For instance, one approach to providing this technology involves marking the locations of all entities of interest in a template document. For documents that follow the same layout, marked entities may be extracted; however, where there are layout variations or new layouts, the template oftentimes becomes ineffective. In addition, Large Language Models (LLMs) may be used to answer generic questions using optical character recognition (OCR) technology, but do not exploit the two-dimensional layout of a document and/or document appearance.

SUMMARY

Aspects of the disclosed technology may take the form of processes, methods, computing devices and/or computing systems. For example, an aspect of the disclosed technology is a system and/or process that is able to answer a document query as text and also provide the location in an image where the answer text is detected.

For example, the disclosed technology may comprise a process for querying one or more documents. The process includes receiving a document query including a natural language query and information identifying one or more document images; processing the document query in a machine learning model, the machine learning model being trained using language features and vision features for joint learning; and generating an answer based on processing of the document query by the machine learning model, the answer including text and a bounding box indicating a location of the source of the answer.

In accordance with this aspect of the disclosed technology, the language features may be associated with a large language model (LLM). Further in accordance with this aspect of the disclosed technology, the vision features are associated with a large vision model such as a Vision Transformer (ViT).

Further in accordance with this aspect of the disclosed technology, the machine learning model may be based on a unified language-image model, such as for example the PaLI (Pathways Language and Image) model. In some examples, the model may be further pretrained and/or fine-tuned using one or more image-text datasets and tasks. Further, the one or more datasets may include key-value pair data, specific entity data or generic entity data.

Further in accordance with this aspect of the disclosed technology, the language-image model is fine-tuned to predict text in a bounding box. In accordance with the disclosed technology, we refer to this model as a FormPaLI model. The bounding box can be specified by two corner coordinates for an axis-aligned bounding box. In general, it can be any list of polygon vertices.

In accordance with this aspect of the disclosed technology, the FormPaLI model uses machine learning inferences to make predictions on new data. Further, the FormPaLI model uses GPU or TPU inferences.

Further in accordance with this aspect of the disclosed technology, processing may comprise applying optical character recognition (OCR) to the one or more document images. In this regard, processing may also comprise partitioning the one or more document images into different regions. Further, processing may comprise resampling images associated with the different regions.

In accordance with this aspect of the disclosed technology, processing may comprise verifying the answer against optical character recognition (OCR) generated text and one or more location parameters. Further, the location parameters define the bounding box.

In accordance with this aspect of the disclosed technology, the machine learning model may be pretrained by masking spans of optical character recognition (OCR) serialized text and requesting the machine learning model to predict the spans of masked OCR serialized text. Further, the machine learning model may be pretrained by instructing the model to predict the line above, below, to the left and to the right of a given item of text.

In accordance with this aspect of the disclosed technology, the natural language query may comprise written text or an audible question.

As another example, the disclosed technology may comprise a computing device. The computing device may be configured to perform certain tasks in response to a prompt and provide output based on the prompt. The tasks can take the form of one or more instructions that cause the computing device to perform certain functions or are used to program the computing device to perform such functions. Those functions may comprise functions that implement the foregoing processing steps or features discussed above in relation to the process discussed above for querying one or more documents. Those processing steps or features may comprise instructions that cause a processing element of the processing device to operate so as to apply the machine learning model in response to the prompt and provide the foregoing output.

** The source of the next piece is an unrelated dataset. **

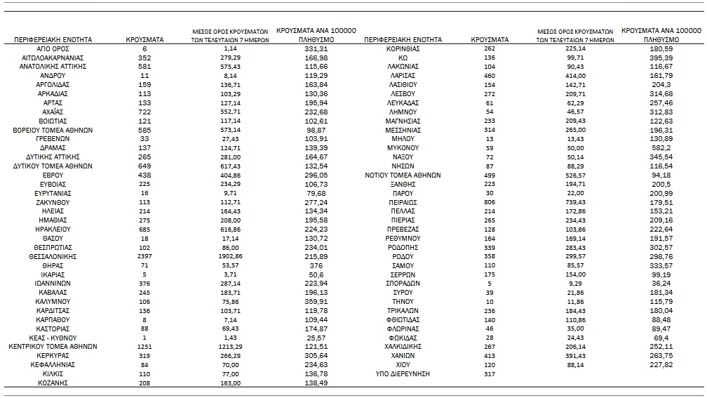 Αναλυτικά, η διασπορά των νέων κρουσμάτων ανά περιφερειακή ενότητα:
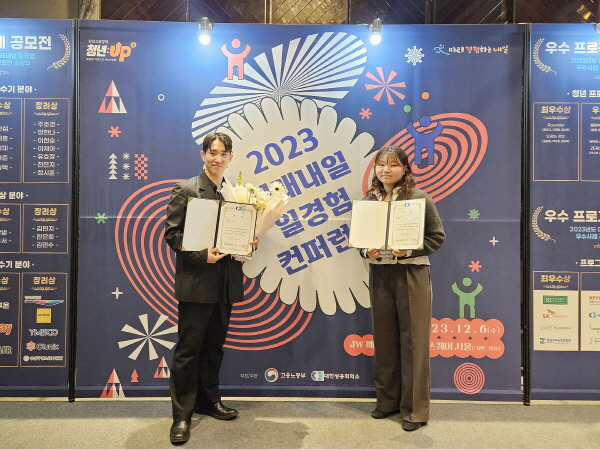시상식은 지난 6일 JW메리어트 동대문 스퀘어에서 개최된 ‘제1회 미래내일 일경험 콘퍼런스’에서 진행됐으며 물리치료과 노하준 씨(만 27세)와 정시훈 씨(만 21세)가 청년 수기 부문 우수상과 장려상을, 김한별 씨(만 19세)가 청년 영상 부문 우수상을 차지하며 대회 3관왕을 차지했다.

As another example, the disclosed technology may comprise non-transitory computer readable media that contain one or more instructions that cause a computing device to operate so as to perform the processes or steps discussed above in relation to the process for querying one or more documents.

As another example, the disclosed technology may comprise a system. The system may include one or more of the foregoing computing devices that are programmed to perform the processes or steps discussed above in relation to the process for querying one or more documents. In this regard, the system may comprise a cloud computing system in which such computing devices are distributed in an architecture that allows customers to access or use the process for querying one or more documents as a service.

More specifically, the disclosed technology may comprise a system for querying one or more documents, comprising: one or more processing devices; a memory storing instructions and coupled to the one or more processing devices, the instruction causing the one or more processing devices to: receive a document query including a natural language query and information identifying one or more document images; process the document query in a machine learning model, the machine learning model being trained using language features and vision features for joint learning; and generate an answer based on processing of the document query by the machine learning model, the answer including text and a bounding box indicating a location of the source of the answer.

In accordance with this aspect of the disclosed technology, the system process the document query by: applying optical character recognition (OCR) to the one or more document images to produce OCR generated text; partitioning the one or more document images into different regions; and verifying the answer against the OCR generated text and a location parameter.

BRIEF DESCRIPTION OF THE DRAWINGS

FIG. 1 illustrates an example process or method in accordance with an aspect of the disclosed technology.

FIG. 2A illustrates an example process or method in accordance with an aspect of the disclosed technology.

FIG. 2B illustrates an example process or method flow architecture in accordance with an aspect of the disclosed technology.

FIG. 3 illustrates an example processor architecture in accordance with an aspect of the disclosed technology.

FIG. 4 illustrates a processing flow associated with the machine learning model in accordance with an aspect of the disclosed technology.

FIG. 5 illustratively depicts an example computing device in accordance with an aspect of the disclosed technology.

FIG. 6 illustratively depicts an example computing system in accordance with an aspect of the disclosed technology.

DETAILED DESCRIPTION

An aspect of the disclosed technology is a system and/or process that is able to answer a document query as text and also provide the location in an image where the answer text is detected. Detecting the location of the answer in the document image adds a layer of explainability. This allows for a better level of confidence in the answers provided, accounting for hallucinations and optical character recognition (OCR) errors. In this regard, an aspect of the disclosed technology involves applying detection of object instances (e.g., cars) to specific text entities in documents. For example, the disclosed technology uses a language and image model that is fine-tuned on document data so as to improve its OCR capabilities and layout understanding. In addition, the model is trained to predict an image location (e.g., a bounding box) in addition to the answer text for each query. This allows verification that the answer is coming from the appropriate section of the document, allows comparison of the answer to that of the specialized OCR engine, and allows for better estimation of the confidence level of any particular output.

FIG. 1 is a process or method 100 in accordance with an aspect of the disclosed technology. The process 100 starts at step 110 with receipt of a query relating to one or more documents. The query can include natural language and/or image queries and may include identification of one or more documents that are the subject to the query. In some examples, the natural language query may take the form of an audible question or written text. In some examples, the documents may comprise forms that a customer (e.g., a business entity) needs processed so that certain entity information is extracted.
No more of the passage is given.